What would happen to, say, human rights if we all forgot about them? I think they’d be gone. Look at that list of Unitarian Universalist principles at the front of the hymnal. What would happen to the inherent worth and dignity of every person if we all stopped imagining it? What would happen to the right of conscience or the goal of world community? What would happen to the interdependent web of all existence? What would happen to something as venerable and glorious as Justice itself?

I think all those things would be gone. These things are not truths, they're visions, and they exist because we imagine them. And so that is another thing I believe you commit yourself to 
when you become a Unitarian Universalist: We're not asking you to commit yourself to believing in the truth of the principles, the way Christians commit themselves to the Apostles Creed. We're asking you to commit your imagination to envisioning the principles, to live as if everyone had worth and dignity, as if we were all part of an interdependent web, as if justice, equity, and compassion were as real as property or the banking system.

So where am I going with all this? My point is that John Dietrich's either-or question 
is the wrong one. It sets us up to keep having the wrong arguments about religion, arguments that will keep going round and round without convincing anyone. On one side, fundamentalists tell us that the objects of their religion — God, Heaven, and so on — are as real as the Sun or gravity. And so they are important and deserve respect. On the other side, atheists tell us that the objects of religion are imaginary like the Easter Bunny. And so they are unimportant and deserve scorn.

But what the amnesia test teaches me is that if God and the afterlife are imaginary, 
they do have something in common with the Easter Bunny. But they also have something in common with justice and human rights. Just because something comes from the human imagination doesn't mean that it isn't also important and deserving of respect.

The discussion we ought to be having is not whether the objects of religion are real, as if we ourselves stand in an unembellished reality and can reject the products of imagination whenever they invade our rock-solid realm. No, the discussion we ought to be having is why human beings have imagined these things, what we are trying to accomplish by imagining them, and which imaginative products best fulfill those purposes.

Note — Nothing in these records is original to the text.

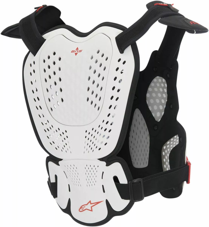 EN 14021: 2003, Stone Shield og Back Protectors er konstrueret ud fra en højtydende poly-materialemateriel blanding for optimeret fleksibilitet og fremragende vægtbesparelse, beskytter spastiske skaller er perforeret til maksimal åndbarhed og afkøling af gyldigt let at bruge spænder, der passer til en bred række rider kropstyper, termoformeret polstret chassis til optimerede niveauer af komfort og tæt-til-den-krop BNS-halsstastler Hals BAC-faner for let og sikkert engagement i BNS, aftagelige og justerbare skulderpuder til størrelse regulering med integreret BNS-siliciumtrækfane, innovativt integreret Y-strap-system til modulær brug af rygbeskytter med hurtig og praktisk montering, rygbeskyttelse
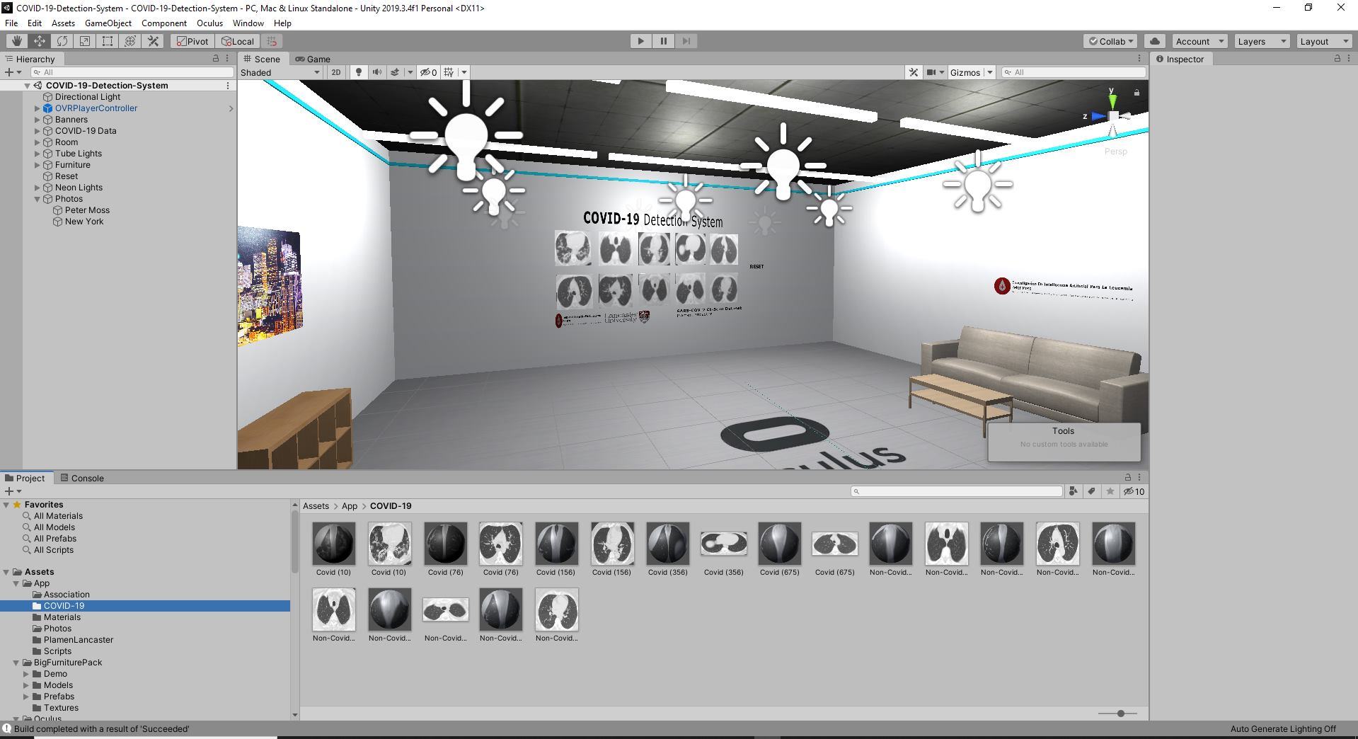 I use the trained model from COVID-19 Tensorflow DenseNet Classifier with the COVID-19 Tensorflow DenseNet Classifier For Raspberry Pi 4 and serve an API endpoint that exposes the Artificial Intelligence classifier allowing Oculus Rift to communicate with it.
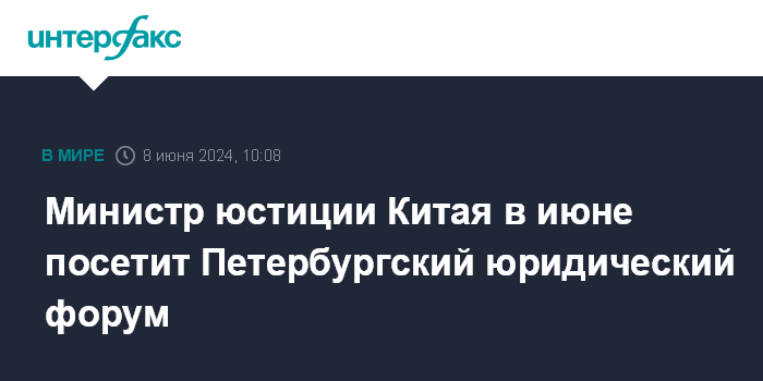 Министр юстиции Китая в июне посетит Петербургский юридический форум
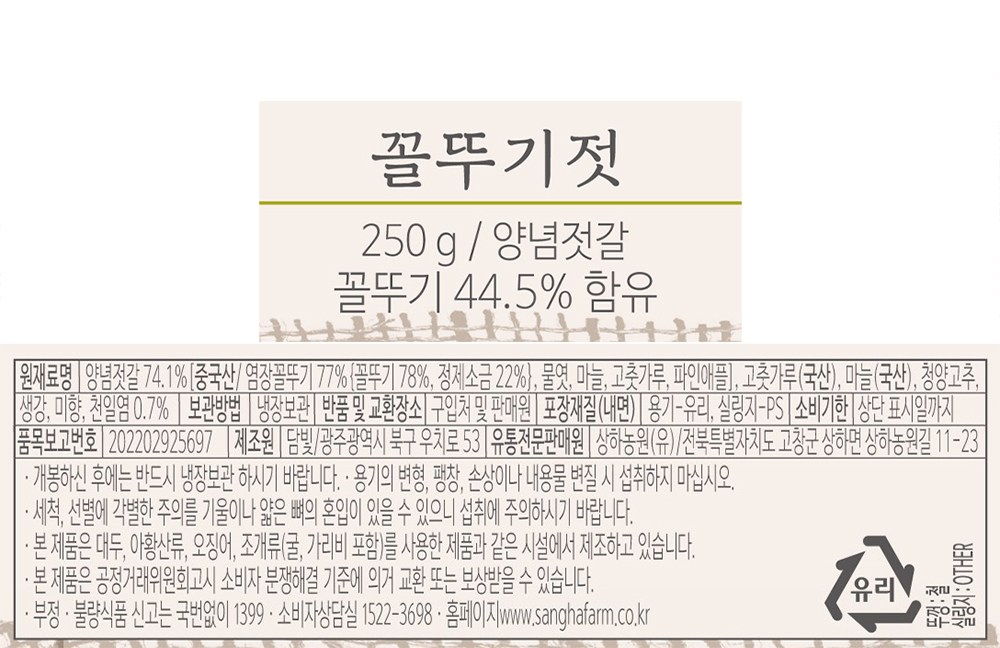 | 제품명 | 상하농원 꼴뚜기젓 | 식품의 유형 | 컨텐츠참조 |
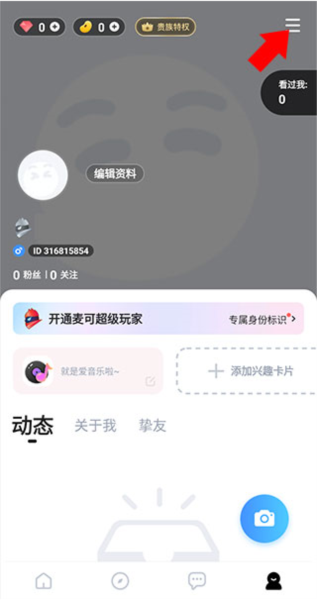 2、跳转到“我的”界面之后,点击右上角那个三条杠的图标。
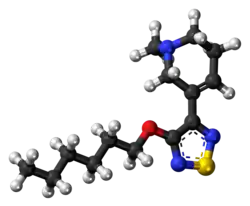- ^ a b c Sauerberg P, Olesen PH, Nielsen S, Treppendahl S, Sheardown MJ, Honoré T, et al. (June 1992). "Novel functional M1 selective muscarinic agonists. Synthesis and structure-activity relationships of 3-(1,2,5-thiadiazolyl)-1,2,5,6-tetrahydro-1-methylpyridines". Journal of Medicinal Chemistry. 35 (12): 2274–2283. doi:10.1021/jm00090a019. PMID 1613751.
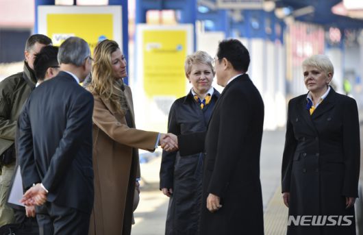 [키이우(우크라이나)=AP/뉴시스]우크라이나 깜짝 방문에 나선 기시다 후미오(岸田文雄) 일본 총리가 21일 키이우에 도착, 기차역으로 마중나온 에미네 자파로바 우크라이나 제1 외무차관과 악수하고 있다. 2023.3.21 |
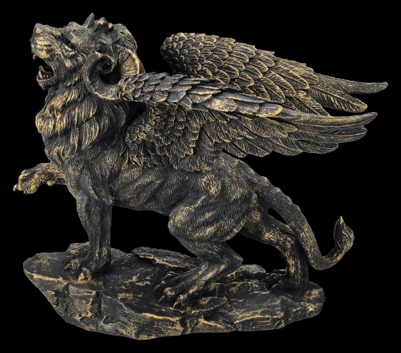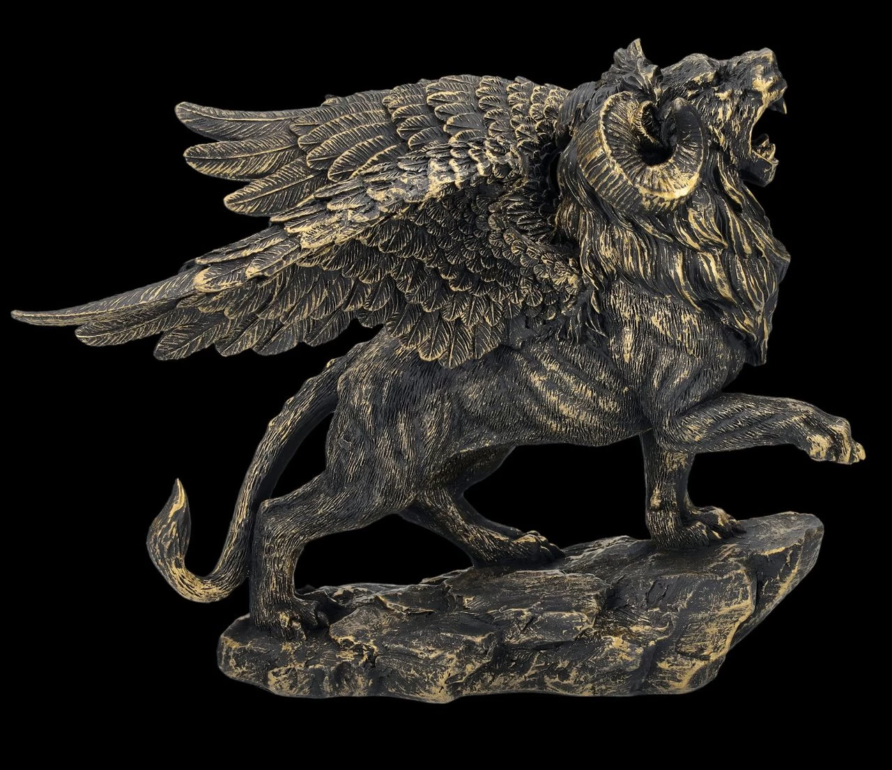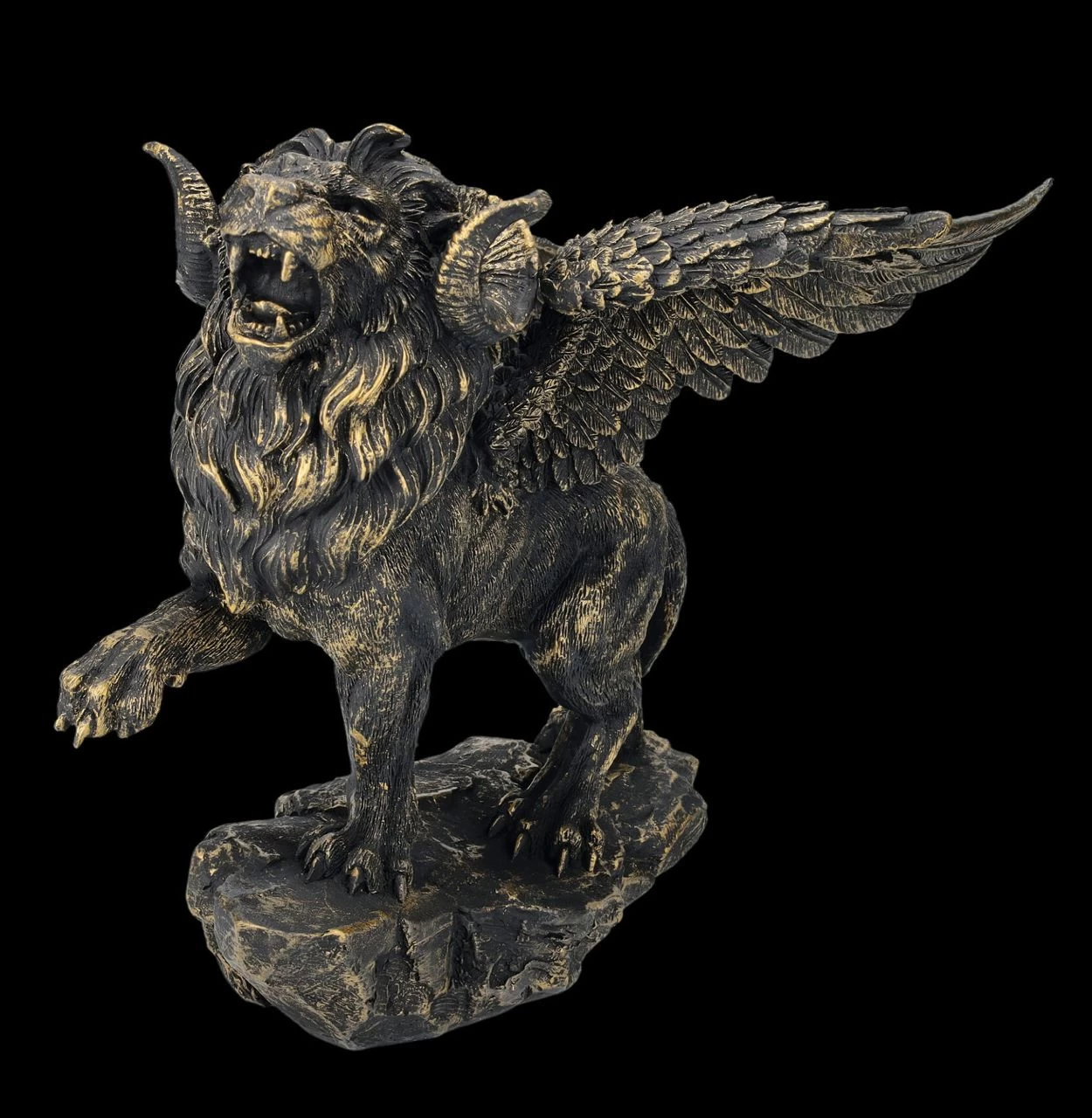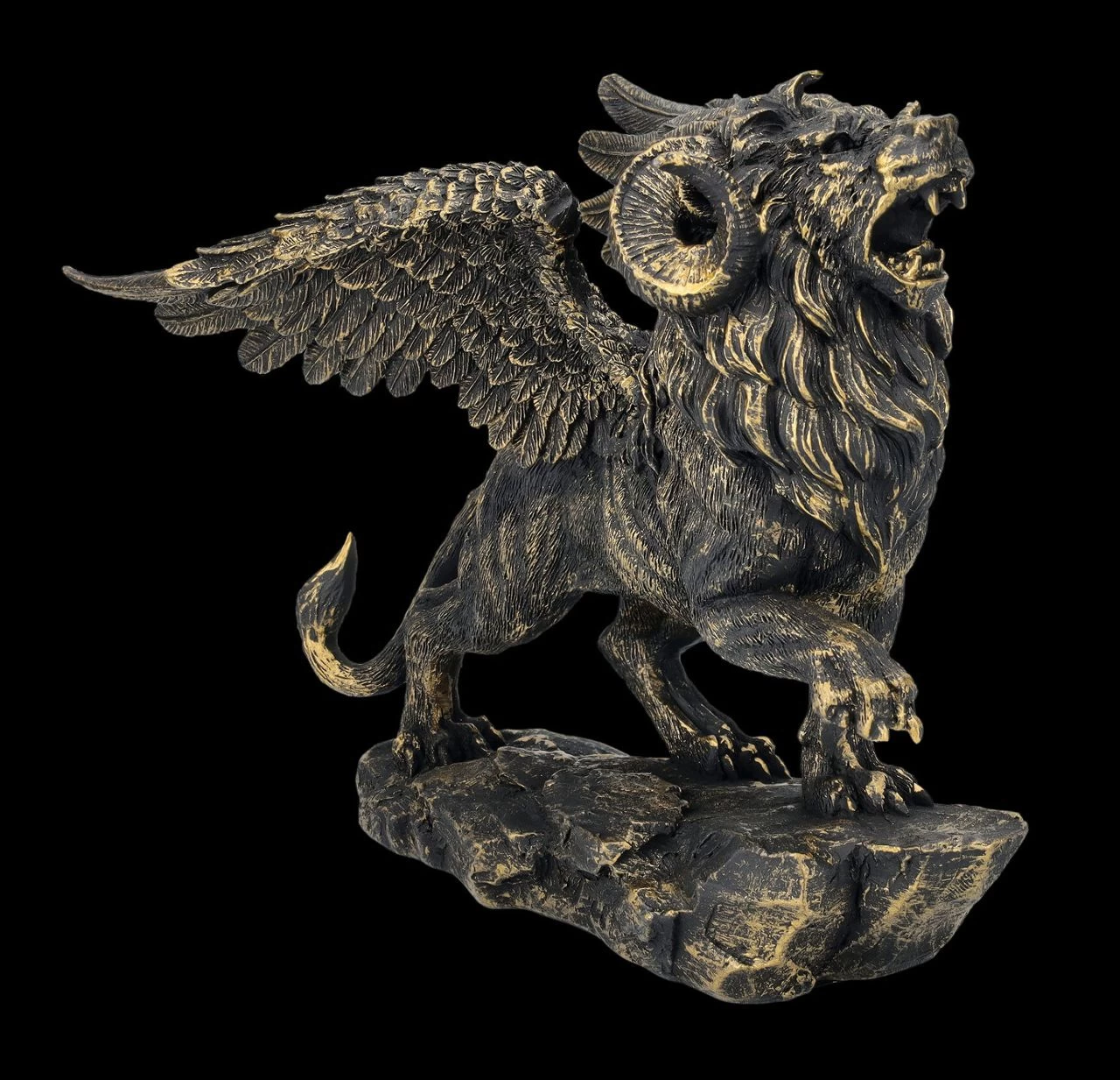 In der griechischen Mythologie wurden Chimären u.a. als Seeungeheuer mit Löwenkopf und Schwanz eines Drachen beschrieben, oder von Homer auch als feuerspeiendes Ungeheuer mit drei Köpfen. Jedenfalls ist eine Chimäre die Darstellung eines Mischwesens. Diese Chimäre mit den gefährlich aussehenden Reißzähnen hat Hörner und erinnert mit den großen Flügeln an den Löwen am Markusplatz in Venedig. Der Löwe mit Hörnern und Flügeln ist detailreich aus bronzefarben handbemaltem Kunststein (Polyresin) gefertigt. Die fantasievolle Chimären-Figur ist 16 cm hoch, 17 cm breit und 18 cm tief. Sie ist eine herrliche Deko, die auf dem Schreibtisch oder dem Sideboard sicherlich zum sofortigen Blickfang wird und ist damit auch ein fantastisches Geschenk.

For example, when my father was dying, he used his imagination to envision a way that his life story might continue past his physical death. He imagined that he had a soul, and that when he died, his soul would live on in Heaven, a place where the souls of the dead go, where his wife and parents already were, and where his children might join him someday. 

I didn't -- and don't -- believe in this vision. But that's not because I stand firmly in rock-solid reality and dismiss all imaginary things. I also use my imagination to envision my life as part of a story that does not end when my body dies. I do this by identifying with causes larger than myself, and by imagining connections between myself and the people who will carry on those struggles after me. 

Tom Joad is doing something similar in The Grapes of Wrath when he says

wherever there's a fight, so hungry people can eat, I'll be there. Wherever there's a cop beatin' up a guy, I'll be there. I'll be in the way guys yell when they're mad. I'll be in the way kids laugh when they're hungry and they know supper's ready, and when the people are eatin' the stuff they raise and livin' in the houses they build - I'll be there, too.

That's vision. That's imagination. Humanists do it too.

Now, once you've had that realization, it's tempting to go relativistic: I imagine things, you imagine things ... it's all the same. But my point is different: Once we give up the pretense that our religion is realistic while their religion is fantasy, once we realize how important imagination is to everybody, then we're in a position to talk about the right issue: the difference between good imagination and bad imagination.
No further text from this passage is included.